▶ _Exercise brief_
Each line of the data below between the one containing "Go to the Campaigns" and the one containing "У любых вертикальных", both included, is to be repeated exactly. Please omit pictures.

▶ _Records to use_
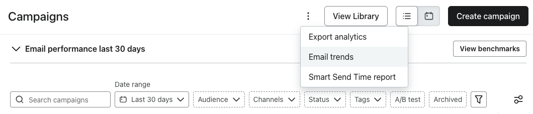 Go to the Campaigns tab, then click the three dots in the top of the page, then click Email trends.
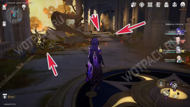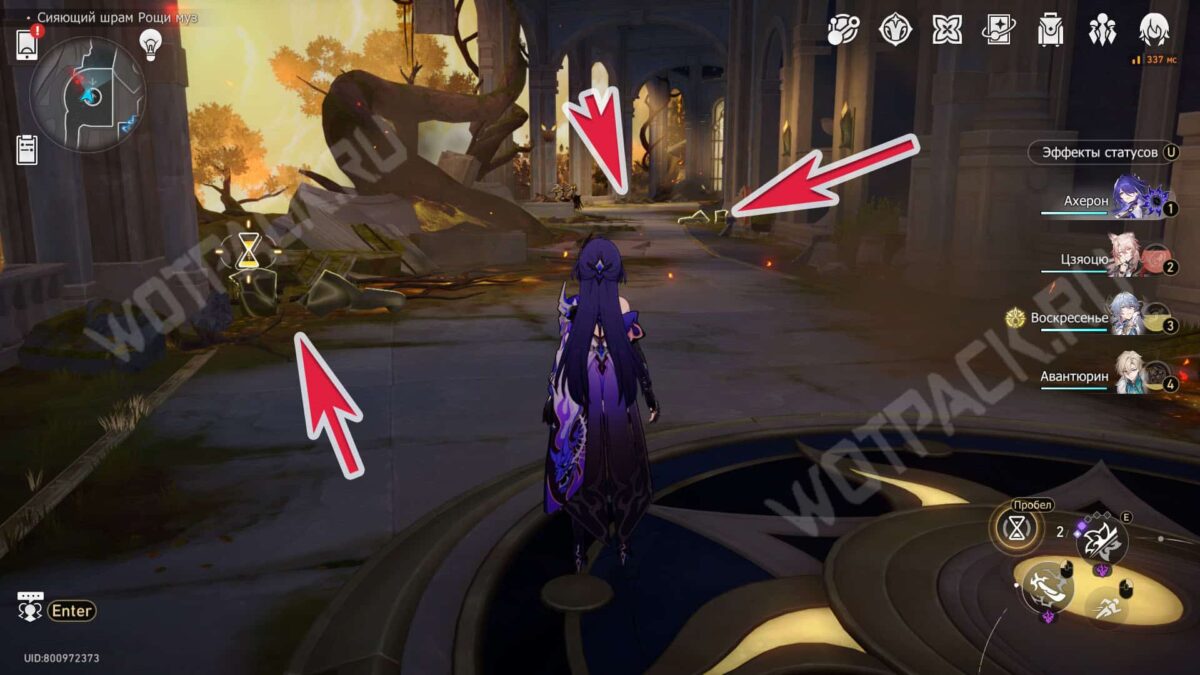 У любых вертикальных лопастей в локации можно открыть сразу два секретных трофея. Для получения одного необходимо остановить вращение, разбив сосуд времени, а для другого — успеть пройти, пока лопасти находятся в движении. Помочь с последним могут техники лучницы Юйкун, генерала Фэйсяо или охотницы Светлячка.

--

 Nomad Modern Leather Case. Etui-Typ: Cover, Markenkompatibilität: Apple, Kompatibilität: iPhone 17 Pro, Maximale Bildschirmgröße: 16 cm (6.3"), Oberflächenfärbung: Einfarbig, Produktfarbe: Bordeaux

▶ _Written answer_
 Go to the Campaigns tab, then click the three dots in the top of the page, then click Email trends.
 У любых вертикальных лопастей в локации можно открыть сразу два секретных трофея. Для получения одного необходимо остановить вращение, разбив сосуд времени, а для другого — успеть пройти, пока лопасти находятся в движении. Помочь с последним могут техники лучницы Юйкун, генерала Фэйсяо или охотницы Светлячка.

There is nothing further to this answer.